Chapter 3 Exercises
Heart transplant cost-effectiveness

1. In Example 3.5.1 (heart transplants), extend the model to estimate the cost-effectiveness of transplantation, as in Example 2.6.1.

2. Suppose the policy-maker is willing to pay q = £25,000 for each year of life gained. What is the posterior probability that transplantation is cost-effective according to this policy? [Hint: calculate this by summarising the “incremental net benefit” of transplantation, defined as q*Is – Ic, where Is is the incremental survival and Ic is the incremental cost]

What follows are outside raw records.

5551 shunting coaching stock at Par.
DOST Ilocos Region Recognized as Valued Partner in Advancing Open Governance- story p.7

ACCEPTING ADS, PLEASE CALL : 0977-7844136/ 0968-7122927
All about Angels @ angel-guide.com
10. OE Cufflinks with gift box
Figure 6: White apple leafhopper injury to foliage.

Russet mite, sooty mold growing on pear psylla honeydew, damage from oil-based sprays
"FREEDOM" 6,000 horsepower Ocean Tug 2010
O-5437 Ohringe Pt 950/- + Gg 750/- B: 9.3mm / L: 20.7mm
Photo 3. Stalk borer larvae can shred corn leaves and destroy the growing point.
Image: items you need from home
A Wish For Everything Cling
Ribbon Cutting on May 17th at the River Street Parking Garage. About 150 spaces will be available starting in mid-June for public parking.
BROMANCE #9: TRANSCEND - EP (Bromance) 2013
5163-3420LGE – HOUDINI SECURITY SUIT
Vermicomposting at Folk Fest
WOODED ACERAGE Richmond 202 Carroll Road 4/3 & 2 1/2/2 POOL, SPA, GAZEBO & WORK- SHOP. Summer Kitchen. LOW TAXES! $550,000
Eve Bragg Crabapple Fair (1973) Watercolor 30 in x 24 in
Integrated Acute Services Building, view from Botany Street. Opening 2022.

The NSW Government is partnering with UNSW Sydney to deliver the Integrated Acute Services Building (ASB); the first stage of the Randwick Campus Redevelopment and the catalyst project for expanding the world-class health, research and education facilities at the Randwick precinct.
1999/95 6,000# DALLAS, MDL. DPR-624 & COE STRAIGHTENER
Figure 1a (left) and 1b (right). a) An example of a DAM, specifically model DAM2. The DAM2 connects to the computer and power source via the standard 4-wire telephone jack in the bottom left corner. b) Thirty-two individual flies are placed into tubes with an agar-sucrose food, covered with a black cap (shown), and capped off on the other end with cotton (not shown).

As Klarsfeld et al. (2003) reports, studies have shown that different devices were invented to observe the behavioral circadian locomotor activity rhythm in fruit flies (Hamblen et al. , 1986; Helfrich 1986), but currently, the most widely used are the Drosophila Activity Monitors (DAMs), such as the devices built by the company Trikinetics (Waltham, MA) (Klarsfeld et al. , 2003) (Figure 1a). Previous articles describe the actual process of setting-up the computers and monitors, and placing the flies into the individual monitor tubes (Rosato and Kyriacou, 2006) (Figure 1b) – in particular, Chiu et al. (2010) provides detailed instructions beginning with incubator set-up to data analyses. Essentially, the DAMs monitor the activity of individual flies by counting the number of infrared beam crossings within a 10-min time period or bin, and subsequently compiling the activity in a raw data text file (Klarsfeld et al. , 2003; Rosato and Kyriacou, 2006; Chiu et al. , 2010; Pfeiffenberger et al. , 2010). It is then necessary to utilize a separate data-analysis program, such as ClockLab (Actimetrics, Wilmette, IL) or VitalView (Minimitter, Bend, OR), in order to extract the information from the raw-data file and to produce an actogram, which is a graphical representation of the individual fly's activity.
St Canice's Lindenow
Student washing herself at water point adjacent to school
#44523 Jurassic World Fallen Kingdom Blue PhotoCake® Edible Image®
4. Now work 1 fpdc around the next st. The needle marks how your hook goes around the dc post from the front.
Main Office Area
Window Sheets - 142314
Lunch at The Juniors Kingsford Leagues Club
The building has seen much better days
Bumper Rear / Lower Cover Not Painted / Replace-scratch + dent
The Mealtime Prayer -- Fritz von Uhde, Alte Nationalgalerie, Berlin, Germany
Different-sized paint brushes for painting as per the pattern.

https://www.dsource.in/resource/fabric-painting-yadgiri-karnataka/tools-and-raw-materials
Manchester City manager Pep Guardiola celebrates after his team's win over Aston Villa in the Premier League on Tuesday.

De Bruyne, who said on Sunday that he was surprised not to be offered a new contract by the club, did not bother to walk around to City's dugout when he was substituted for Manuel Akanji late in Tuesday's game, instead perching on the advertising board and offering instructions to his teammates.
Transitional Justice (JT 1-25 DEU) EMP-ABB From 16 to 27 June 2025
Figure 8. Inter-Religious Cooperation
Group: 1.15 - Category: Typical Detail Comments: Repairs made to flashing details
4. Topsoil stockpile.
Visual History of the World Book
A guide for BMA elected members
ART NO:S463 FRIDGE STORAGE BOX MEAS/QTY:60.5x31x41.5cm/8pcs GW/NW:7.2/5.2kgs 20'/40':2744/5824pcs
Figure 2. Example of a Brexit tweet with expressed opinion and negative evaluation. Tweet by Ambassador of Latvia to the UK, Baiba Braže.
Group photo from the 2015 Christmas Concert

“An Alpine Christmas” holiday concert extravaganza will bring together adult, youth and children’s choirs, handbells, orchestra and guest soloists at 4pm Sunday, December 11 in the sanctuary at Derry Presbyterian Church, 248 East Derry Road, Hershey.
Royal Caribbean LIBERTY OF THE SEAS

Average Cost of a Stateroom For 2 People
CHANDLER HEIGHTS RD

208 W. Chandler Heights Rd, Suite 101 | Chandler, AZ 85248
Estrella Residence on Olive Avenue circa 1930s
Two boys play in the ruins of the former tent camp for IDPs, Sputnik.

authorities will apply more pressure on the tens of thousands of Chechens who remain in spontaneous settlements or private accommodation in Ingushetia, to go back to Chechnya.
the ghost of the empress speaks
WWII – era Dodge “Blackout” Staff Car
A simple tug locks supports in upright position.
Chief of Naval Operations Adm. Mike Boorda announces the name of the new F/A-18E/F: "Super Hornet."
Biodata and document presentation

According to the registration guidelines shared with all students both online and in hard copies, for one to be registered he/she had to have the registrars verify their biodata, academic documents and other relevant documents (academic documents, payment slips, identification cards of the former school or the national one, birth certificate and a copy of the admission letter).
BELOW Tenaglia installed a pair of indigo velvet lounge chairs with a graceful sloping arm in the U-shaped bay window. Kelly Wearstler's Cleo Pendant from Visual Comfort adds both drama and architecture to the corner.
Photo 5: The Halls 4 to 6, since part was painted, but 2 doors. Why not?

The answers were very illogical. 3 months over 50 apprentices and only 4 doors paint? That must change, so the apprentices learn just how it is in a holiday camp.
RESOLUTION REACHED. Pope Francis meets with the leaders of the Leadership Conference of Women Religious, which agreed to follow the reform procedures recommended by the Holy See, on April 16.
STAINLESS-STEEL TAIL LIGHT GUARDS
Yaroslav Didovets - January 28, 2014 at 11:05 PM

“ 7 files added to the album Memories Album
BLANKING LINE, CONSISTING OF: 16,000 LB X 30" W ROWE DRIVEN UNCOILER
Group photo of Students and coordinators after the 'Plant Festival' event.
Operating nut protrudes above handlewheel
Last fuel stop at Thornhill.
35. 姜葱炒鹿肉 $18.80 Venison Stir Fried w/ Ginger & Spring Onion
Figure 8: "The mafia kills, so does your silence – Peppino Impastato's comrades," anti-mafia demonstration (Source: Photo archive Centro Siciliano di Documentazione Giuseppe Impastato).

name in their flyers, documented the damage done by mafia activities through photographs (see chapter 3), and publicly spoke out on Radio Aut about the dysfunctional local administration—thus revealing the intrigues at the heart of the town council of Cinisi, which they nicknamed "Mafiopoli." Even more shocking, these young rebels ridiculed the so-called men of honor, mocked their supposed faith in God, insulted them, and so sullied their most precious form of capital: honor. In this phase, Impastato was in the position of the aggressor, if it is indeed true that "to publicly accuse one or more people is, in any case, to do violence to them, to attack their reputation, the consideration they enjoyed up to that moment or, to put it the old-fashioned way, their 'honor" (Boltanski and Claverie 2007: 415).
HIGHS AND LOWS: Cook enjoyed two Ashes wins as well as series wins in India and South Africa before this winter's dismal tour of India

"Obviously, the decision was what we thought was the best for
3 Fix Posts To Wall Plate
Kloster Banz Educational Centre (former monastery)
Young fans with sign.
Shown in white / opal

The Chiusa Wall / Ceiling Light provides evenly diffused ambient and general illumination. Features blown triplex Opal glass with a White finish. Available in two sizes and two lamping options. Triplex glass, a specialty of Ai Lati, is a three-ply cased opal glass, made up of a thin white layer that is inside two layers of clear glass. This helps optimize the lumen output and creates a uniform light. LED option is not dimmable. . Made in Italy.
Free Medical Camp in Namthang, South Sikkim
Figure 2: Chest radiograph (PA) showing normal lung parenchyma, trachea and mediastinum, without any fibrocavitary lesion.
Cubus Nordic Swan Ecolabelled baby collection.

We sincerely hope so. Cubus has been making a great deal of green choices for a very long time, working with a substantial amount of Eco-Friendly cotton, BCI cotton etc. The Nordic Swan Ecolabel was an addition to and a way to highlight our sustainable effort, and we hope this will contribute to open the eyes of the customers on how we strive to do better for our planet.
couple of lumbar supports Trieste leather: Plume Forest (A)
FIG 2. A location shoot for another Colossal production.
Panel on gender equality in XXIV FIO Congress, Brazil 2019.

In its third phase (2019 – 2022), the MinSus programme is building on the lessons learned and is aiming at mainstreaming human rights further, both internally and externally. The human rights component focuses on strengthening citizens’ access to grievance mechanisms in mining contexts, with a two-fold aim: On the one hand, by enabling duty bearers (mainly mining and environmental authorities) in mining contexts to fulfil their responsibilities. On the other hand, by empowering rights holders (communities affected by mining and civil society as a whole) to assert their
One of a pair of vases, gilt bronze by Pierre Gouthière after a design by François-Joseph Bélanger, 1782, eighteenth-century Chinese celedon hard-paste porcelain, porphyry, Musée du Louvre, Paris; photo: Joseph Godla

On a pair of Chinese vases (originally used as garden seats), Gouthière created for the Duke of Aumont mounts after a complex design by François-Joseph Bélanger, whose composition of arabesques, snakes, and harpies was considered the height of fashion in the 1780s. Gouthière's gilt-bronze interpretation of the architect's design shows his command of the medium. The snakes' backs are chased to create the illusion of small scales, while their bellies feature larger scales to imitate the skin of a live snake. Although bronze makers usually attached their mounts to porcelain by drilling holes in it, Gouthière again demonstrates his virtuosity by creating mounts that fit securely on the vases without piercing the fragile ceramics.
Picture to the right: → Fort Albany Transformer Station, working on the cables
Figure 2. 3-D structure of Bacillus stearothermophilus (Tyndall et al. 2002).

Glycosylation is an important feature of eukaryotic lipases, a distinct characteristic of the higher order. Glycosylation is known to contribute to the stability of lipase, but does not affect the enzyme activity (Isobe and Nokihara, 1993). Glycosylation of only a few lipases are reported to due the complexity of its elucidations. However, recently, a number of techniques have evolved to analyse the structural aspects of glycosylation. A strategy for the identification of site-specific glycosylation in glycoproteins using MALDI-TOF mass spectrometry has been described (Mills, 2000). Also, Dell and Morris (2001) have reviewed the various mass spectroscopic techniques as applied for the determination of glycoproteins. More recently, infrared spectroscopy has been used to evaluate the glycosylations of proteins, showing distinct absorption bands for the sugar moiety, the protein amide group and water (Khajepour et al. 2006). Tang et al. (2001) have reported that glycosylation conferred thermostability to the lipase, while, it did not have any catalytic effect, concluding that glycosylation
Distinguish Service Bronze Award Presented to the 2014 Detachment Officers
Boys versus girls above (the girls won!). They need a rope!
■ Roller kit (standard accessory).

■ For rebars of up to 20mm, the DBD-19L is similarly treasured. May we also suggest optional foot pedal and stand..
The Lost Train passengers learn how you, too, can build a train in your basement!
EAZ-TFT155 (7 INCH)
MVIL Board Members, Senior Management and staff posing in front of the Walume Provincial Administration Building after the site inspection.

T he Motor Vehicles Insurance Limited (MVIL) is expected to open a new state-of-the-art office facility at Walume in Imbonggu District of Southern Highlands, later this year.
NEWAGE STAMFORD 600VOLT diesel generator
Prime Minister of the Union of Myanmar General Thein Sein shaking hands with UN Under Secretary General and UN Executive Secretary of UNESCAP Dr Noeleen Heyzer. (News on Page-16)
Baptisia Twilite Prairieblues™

3. Compute the posterior probability that the incremental cost divided by the incremental survival is less than the willingness-to-pay amount of £25,000. Compare this with the answer to part 2, and explain any difference. Why is the method in part 2 a more appropriate way to calculate the probability of cost-effectiveness?

Solutions

model {
yT ~ dbin(pT, nT)
pT ~ dunif(0, 1)
for (i in 1:8) {
sP[i] ~ dexp(theta)
}
theta ~ dgamma(0.001, 0.001)
surv.t <- pT/theta # expected survival with transplant
Is <- surv.t – 2
Ic <- 20000 + 3000*surv.t # incremental cost (part 1)
CE <- step(25000*Is – Ic) # indicator for cost-effectiveness (part 2)
CE2 <- step(25000 – Ic / Is) # indicator for ICER < amount willing to pay (part 3)
}

Data:
list(yT=8, nT=10, sP=c(2,3,4,4,6,7,10,12))

Inits:
list(theta=1)

node mean sd MC error 2.5% median 97.5% start sample
node mean sd MC error 2.5% median 97.5% start sample
CE 0.841 0.3657 5.252E-4 0.0 1.0 1.0 1 501000
CE2 0.8547 0.3524 4.992E-4 0.0 1.0 1.0 1 501000
Ic 35410.0 6811.0 9.406 26600.0 34010.0 52500.0 1 501000
Is 3.136 2.27 0.003135 0.2015 2.669 8.835 1 501000
pT 0.7496 0.1202 1.655E-4 0.4821 0.7639 0.9396 1 501000
surv.t 5.136 2.27 0.003135 2.201 4.669 10.83 1 501000

1. The expected cost per life year gained from transplantation (incremental cost-effectiveness ratio) is obtained from dividing the posterior mean incremental cost by the posterior mean incremental survival, in this case, £35410 / 5.136 = £6894.

2. The posterior probability of cost-effectiveness is the posterior probability that the incremental net benefit is positive, in this case 0.841.

3. The probability that Ic/Is is less than the cost-effectiveness threshold of £25,000 is 0.8547. This is slightly different to step 2 (we can check by running more iterations that both have converged to 4 significant figures) and an inappropriate way to calculate the probability of cost-effectiveness.

This is because the interpretation of Ic/Is changes according to the sign of Ic and Is. If Ic > 0 and Is < 0 then the new treatment (transplantation in this case) is more expensive and is associated with worse expected survival, therefore it is neither effective nor cost-effective, even though Ic / Is < £20,000. If Ic < 0 and Is < 0 then the treatment is cheaper though is associated with worse survival, then if (-Ic)/(-Is) = Ic/Is < £25000 then it will be more cost effective to not perform the transplant!

However, if the incremental net benefit q*Is – Ic > 0, then the new treatment is cost-effective whatever the sign of Is and Ic.